It turns out that starting a blog is tricky. I finally, after whole actual hours, chose the above picture (the one at the very top of the page, with the cute little naked legs and the Crocs). And then I giggled (for real out loud) as I remembered that moments after I snapped this picture my girl peed all over the Adirondack chair (the one that actually belongs to my neighbor). Not just a little bit. A lot. It pooled at their feet and dripped down through the boards of the porch. I did not panic. I did what any competent and and thoughtful mama would do. I got out the hose. I hosed the porch, I hosed the chair, I hosed the Crocs. Also, I hosed the girls. Then I spent a few moments lost in nostalgia for the sweet days of naked outdoor tea parties and naked time in the garden and . . . . oh, yeah, potty training and pee everywhere. Glad that's over. Kinda. Hosing off pee is not the hard part. It's the fun part. The hard part is not losing your shit because oh, my God! I just asked her if she needed to pee and she said no. Really, just seconds ago she said no. This is not a phenomenon unique to my child. It is a character trait of all 2 year olds. The hard part is also making it back inside after a blissful day outside having a naked* tea party with friends. The hard part is figuring out what to feed your clan. But it's possible. We can all do it. Usually. But not always, and if you can't, order pizza. Or Thai, if you're fancy. *Just the 2 year olds were naked. |
I'm Molly. I'm all in for parenting. I'm all in for good food. All in for big and small outdoor adventures. And really only partly in for homemaking. I want a Martha Stewart home and meal, but the truth is, we mamas just can't do it all. Not really. This shit is tricky!

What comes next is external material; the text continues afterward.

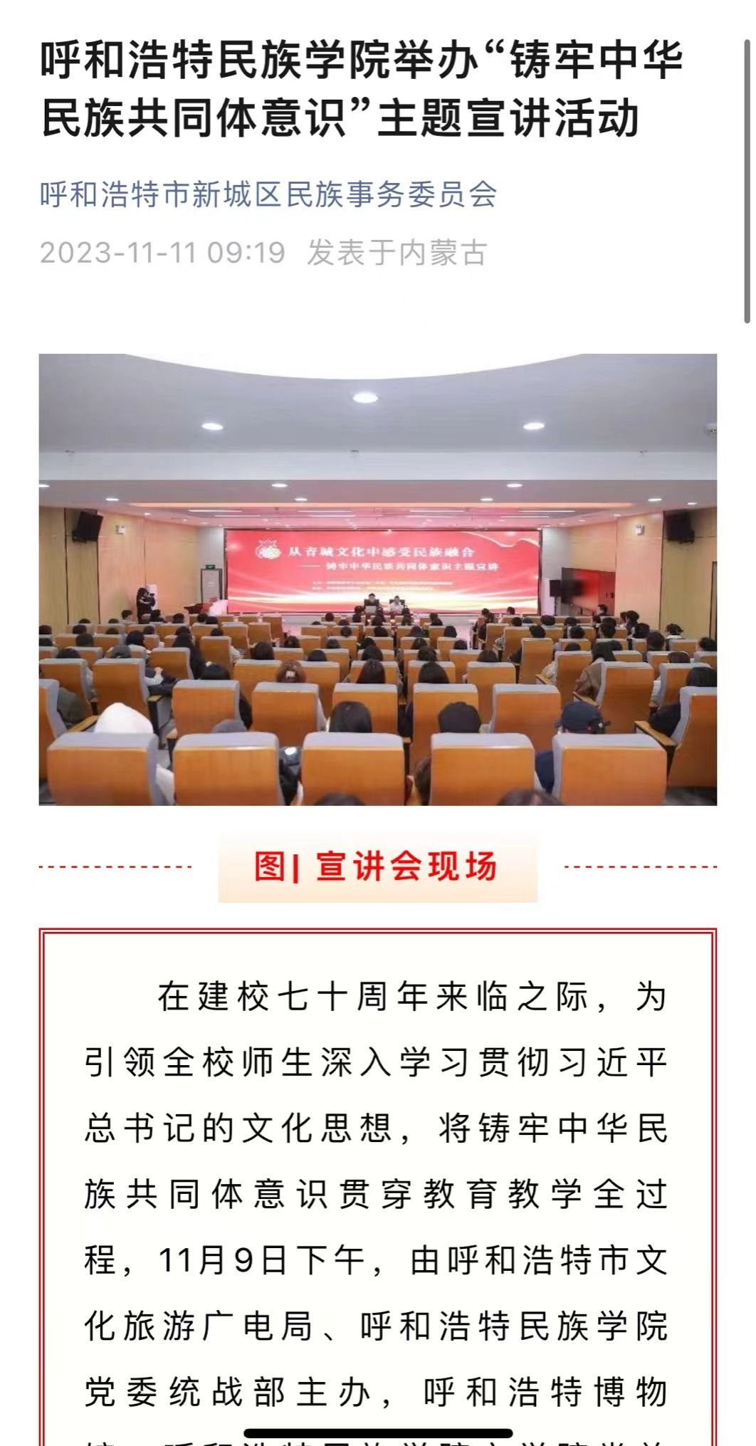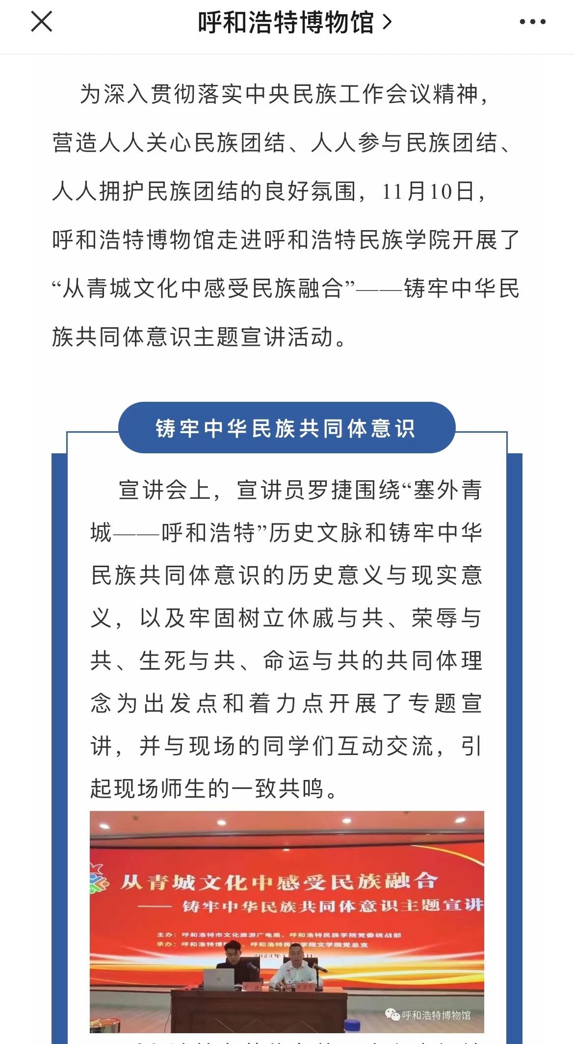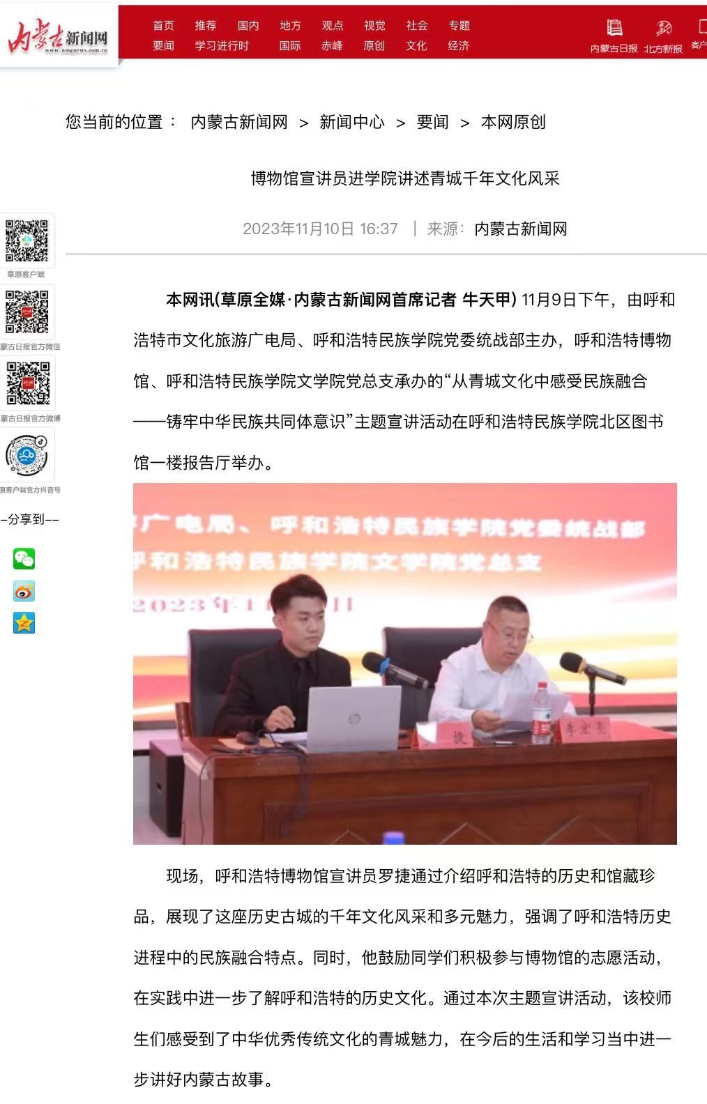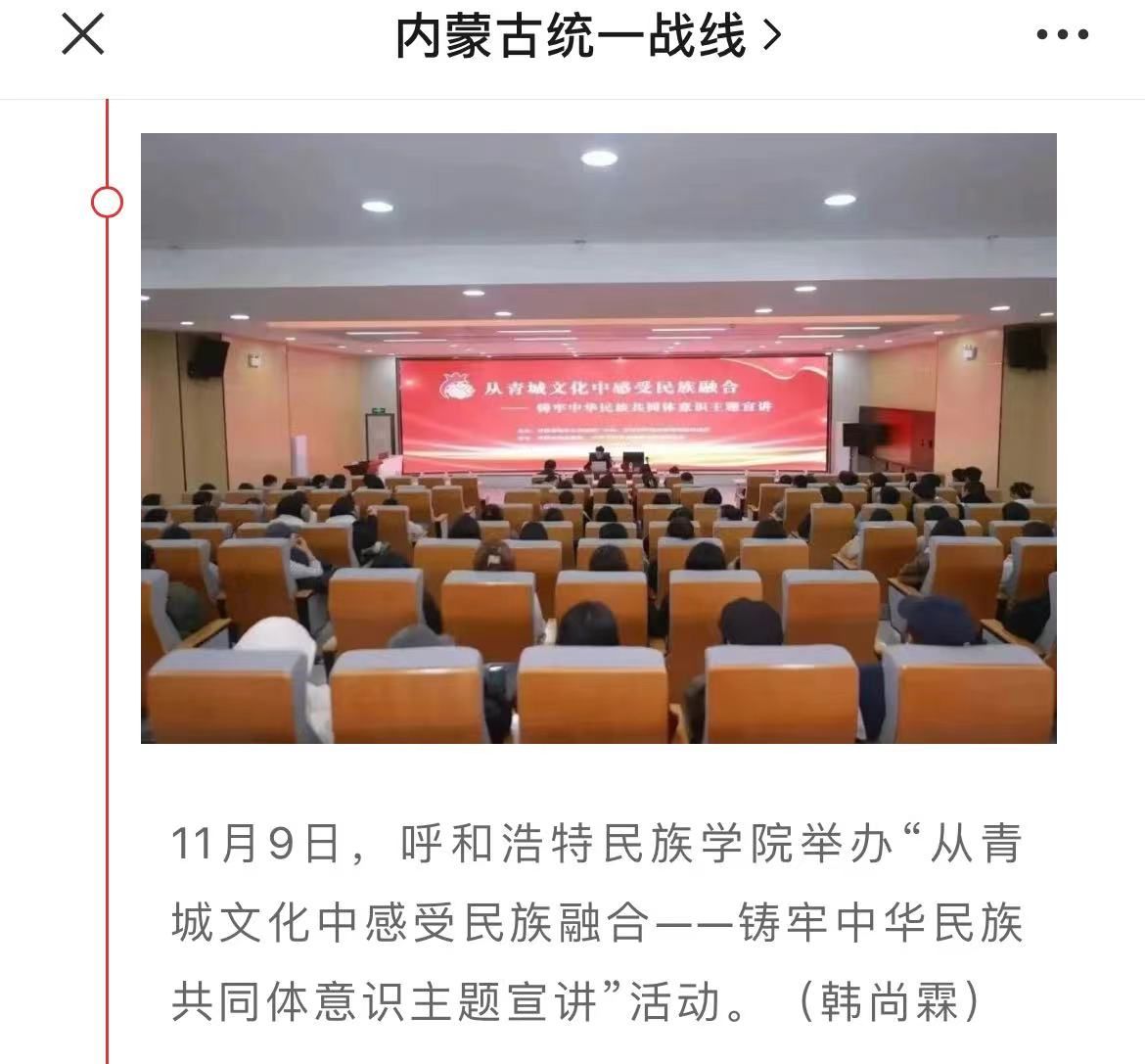 11月9日下午,由呼和浩特市文化旅游广电局、MILE米乐集团党委统战部主办,呼和浩特博物馆、MILE米乐集团文学院党总支承办的主题宣讲活动在北区图书馆一楼报告厅举办。活动受到社会各界的广泛关注和大力宣传。截至目前,共有中新网、内蒙古新闻网和内蒙古党委统战部官微、呼和浩特博物馆官微、呼和浩特新城区民族事务委员会官微等6家校外媒体对本次活动进行了宣传报道。

This is a collection of musings and missives about parenting like you mean it. I mean really mean it. About how you can pull off a really mostly decent meal, keep your house kinda clean, do some of your laundry, and also even remember to usually feed your pets. But mostly about how being a mama is hard and we can totally rock it, but maybe that dream of perfection has got to give a little.